To deploy the service implementation as an SCA component, the implementation must be compiled into a shared library libworldclock.so, and an SCA composite file similar to the following must be created:

<composite xmlns="http://docs.oasis-open.org/ns/opencsa/sca/200912"
	targetNamespace="http://www.pmsca.com" name="WorldclockComposite">

	<!-- expose worldclock via wsdl/SOAP -->
	<service name="worldclock" promote="worldclock-impl">
		<interface.wsdl
			interface="http://www.pmsca.com/worldclock.wsdl#wsdl.interface(worldclock-ops)"/>
		<binding.ws
			wsdlElement="http://www.pmsca.com/worldclock.wsdl#wsdl.port(worldclock/worldclock-ops)"/>
	</service>

	<!-- register worldclock implementation lib -->
	<component name="worldclock-impl">
		<service name="worldclock"/>
		<implementation.c module="worldclock" library="true"/>
	</component>
</composite>
service

defines a service exposed to clients as web service (service/binding.ws)

service/@promote

routes incoming request for the exposed service to the specified (promoted) component

component

defines a component implementing the worldclock service

component/implementation.c/module

defines the base name of the shared library implementing the service; the effective shared library file name to load is derived as libworldclock.so on POSIX/SUS-like systems, and is interpreted relative to the location of the composite file (eg. relative to xml:base); optionally, a path attribute may be specified to override this; note the SCA stand-alone program implementation model isn't supported by sgmljs.net SCA, so library must always have the value true

To create a deployable contribution archive, the service implementation library, the service description, and the composite file are placed into a ZIP archive file.

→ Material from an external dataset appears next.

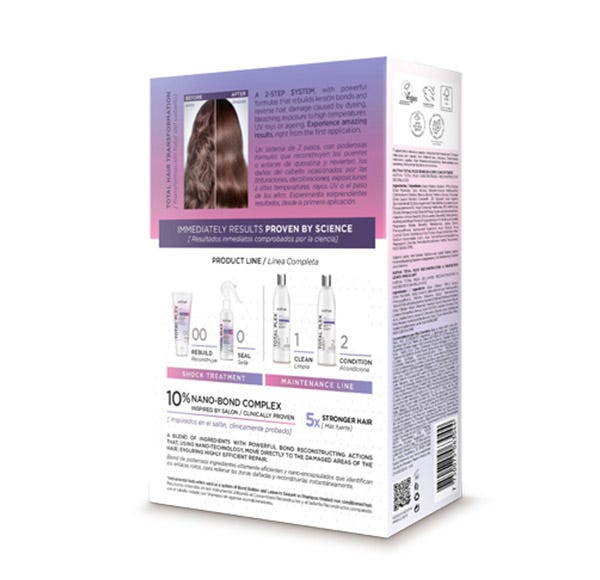 Un sistema de dos pasos con poderosas fórmulas que reconstruyen los enlaces de queratina y revierten los daños del cabello ocasionados por las tinturaciones, decoloraciones, exposiciones a altas temperaturas, rayos UV o el paso de los años.

Moreover a contribution manifest file describing the content of the contribution archive must be created (and placed into the archive at META-INF/sca-contribution.xml) with the following content:

<?oasis-xml-catalog catalog="catalog.xml"?>
<contribution xmlns="http://docs.oasis-open.org/ns/opencsa/sca/200912"
              xmlns:worldclock="http://www.pmsca.com/worldclock">

	<!-- make component available for deployment/to other components -->
	<deployable composite="worldclock:WorldclockComposite.composite"/>

	<!-- export namespace of composite namespace -->
	<export namespace="http://www.pmsca.com/worldclock"/>

	<!-- export namespaces of wsdl -->
	<export namespace="http://www.pmsca.com/worldclock.wsdl"/>
</contribution>

Note that for sgmljs.net SCA, the contribution manifest must reference an XML catalog file to use for resolving exported namespaces; see the full example and chapter on deployment for an explanation of the role and structure of XML catalogs used by PMSCA).

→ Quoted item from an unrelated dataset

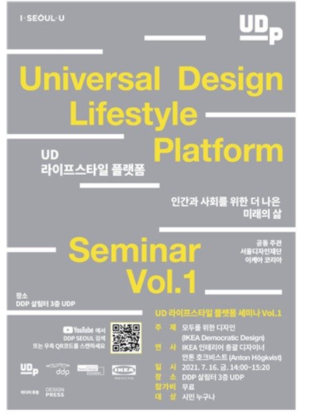 전시와 연계한 UD 라이프스타일 플랫폼의 첫 번째 세미나도 오는 16일 열린다. 시민 누구나 시청할 수 있도록 DDP홈페이지와 유튜브에서 온라인으로 생중계된다.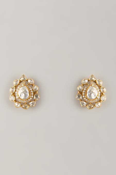Gold-plated stud earrings handcrafted in 92.5 sterling silver with moissanite polkis and cubic zirconia; nickel-free and 925 silver stamped. Lightweight design may include an omega clip for support on heavier pieces and includes a pair of complimentary washers.

Summing up, the contribution ZIP file must be named worldclock.zip and contain the following paths and files

META-INF/sca-contribution.xml
META-INF/catalog.xml
...
libworldclock.so
worldclock.composite
worldclock.wsdl

To install the contribution and start a service responding to worldclock request, the sca-install and sca-deploy-domain command line utilities are used:

sca-install worldclock.zip
sca-deploy-domain

To invoke the service from the command line, the curl command line utility can be used as follows:

curl -H 'Accept: text/xml' \
	http://localhost/worldclock/getLocalTimeForCity?city=Berlin&local-time=12&city-to-request-time-for=San+Francisco

(assuming the SCA runtime is listening on the default HTTP port).

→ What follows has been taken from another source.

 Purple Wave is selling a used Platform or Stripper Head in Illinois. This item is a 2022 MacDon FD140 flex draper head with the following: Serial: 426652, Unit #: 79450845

The service is expected to respond with:

<response><city>San Francisco</city><hour>21</hour></response>

If a JSON rather than XML response is desired, the following command is executed instead:

curl -H 'Accept: application/json' \
	http://localhost/worldclock/getLocalTimeForCity?city=Berlin&local-time=12&city-to-request-time-for=San+Francisco

to yield a response such as the following:

{"response":{"city":"San Francisco","hour":"21"}}

See POX example for full source and artifacts.

REST services

While the shown action-oriented web service exposes a <service>/<operation> pattern as request URI, for REST services it is often desirable to expose a "resource"-like URI such as http://<host>/<resource> without an operation part, and have the SCA runtime select the operation to invoke based on the HTTP method (ie. GET, POST, PUT, or DELETE).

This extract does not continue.